如果列表中的元素具有满足的特定索引和条件，如何更改它？

Question

I want to be able to take a list of lists (lst) and a list of indexes and those elements in lst that have that have those indexes and also meet the condition ( == '1') to be changed to '0' .

If I input

lst = [['1','2','3'],[],['4','2','1']]

and

specific_indexes = [(0, 0), (0, 2), (2, 0), (2, 2)]

I get [['0', '2', '3'], [], ['4', '2', '0']]

but I would like faster way to do this.

def change(lst, specific_indexes):

    for (x,y) in specific_indexes:
        if lst[y][x] == '1':
            lst[y][x] = '0'
    return lst

Answer 1

...but I would like faster way to do this.

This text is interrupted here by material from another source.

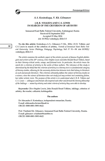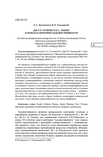 На материале литературоведческих трудов, эссе и художественных текстов знаменитых английских филологов и писателей ХХ в. Клайва Стейплза Льюиса и Джона Рональда Руэла Толкина рассматривается эстетический аспект их художественных поисков. В частности, прослеживается вектор поиска критерия художественности в трудах этих авторов. Актуальность работы определяется тем, что критерий художественности литературного текста, на наш взгляд, является основополагающей категорией литературоведения, позволяющей провести необходимую границу между текстами, относящимися к литературе как таковой, и псевдолитературой. Именно он позволяет в конечном счете определить предмет изучения литературоведения как науки, поскольку наука о литературе изучает не всякий письменный текст, в котором присутствует вымысел, но текст художественный. Цель нашей статьи — разобраться в том, что понимали под художественностью Дж. Р. Р. Толкин и К. С. Льюис — вдохновлявшие друг друга коллеги и друзья, создавшие литературное товарищество инклингов, и какие критерии художественности они смогли выработать
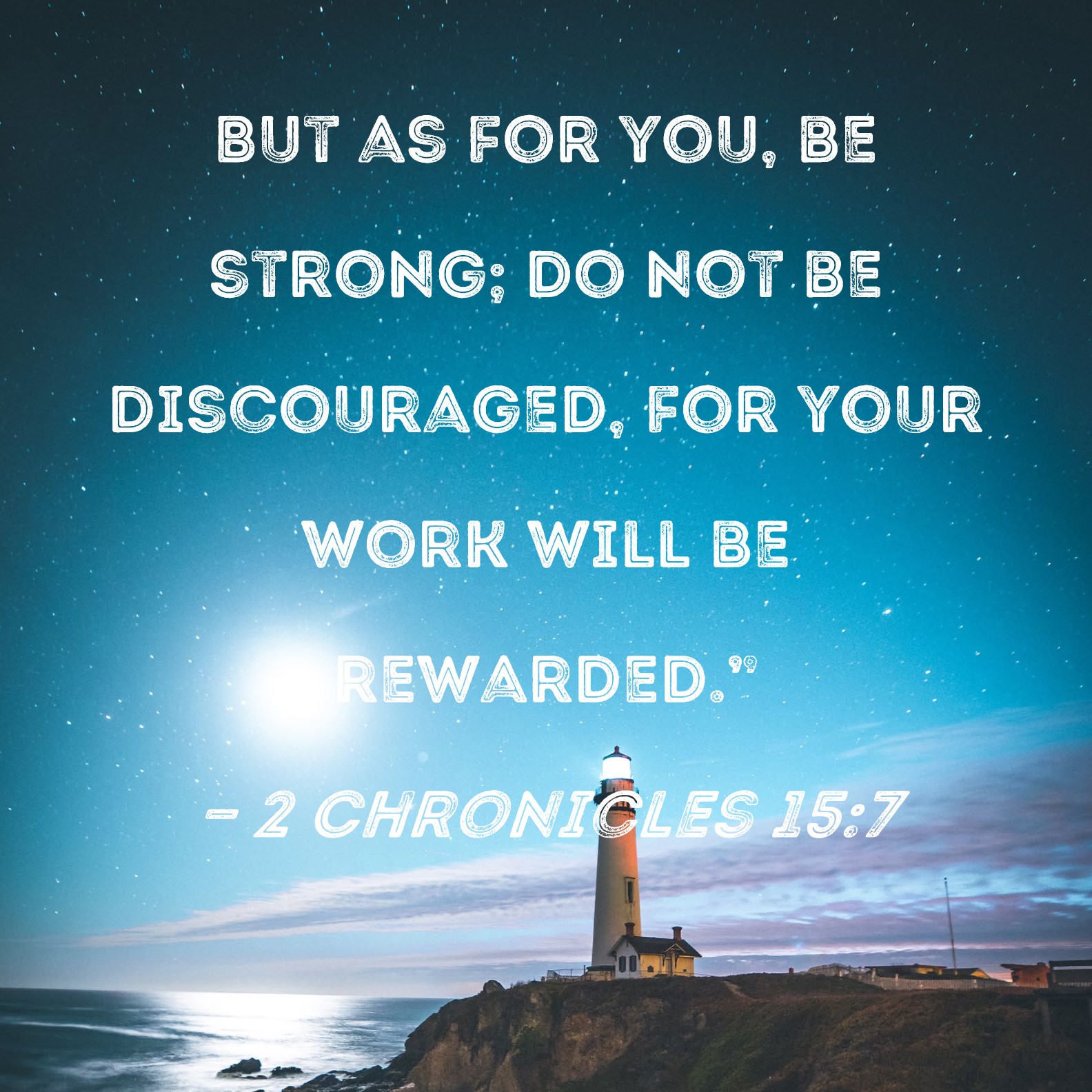2 Chronicles 15:7 But as for you, be strong; do not be discouraged, for your work will be rewarded."

If you are interested in performance, you can use a specialist 3rd party library such as NumPy . This does mean you have to define a regular 2d array as an input, or transform it into one as shown below.

import numpy as np

lst = [['1','2','3'],[],['4','2','1']]
idx = [(0, 0), (0, 2), (2, 0), (2, 2)]

# calculate column number and construct NumPy array
colnum = max(map(len, lst))
arr = np.array([sublst if sublst else ['0'] * colnum for sublst in lst]).astype(int)
idx = np.array(idx)

# calculate indexer and mask array conditionally
mask = np.ix_(idx[:, 1], idx[:, 0])
arr[mask] = np.where(arr[mask] == 1, 0, arr[mask])

print(arr)
# array([[0, 2, 3],
#        [0, 0, 0],
#        [4, 2, 0]])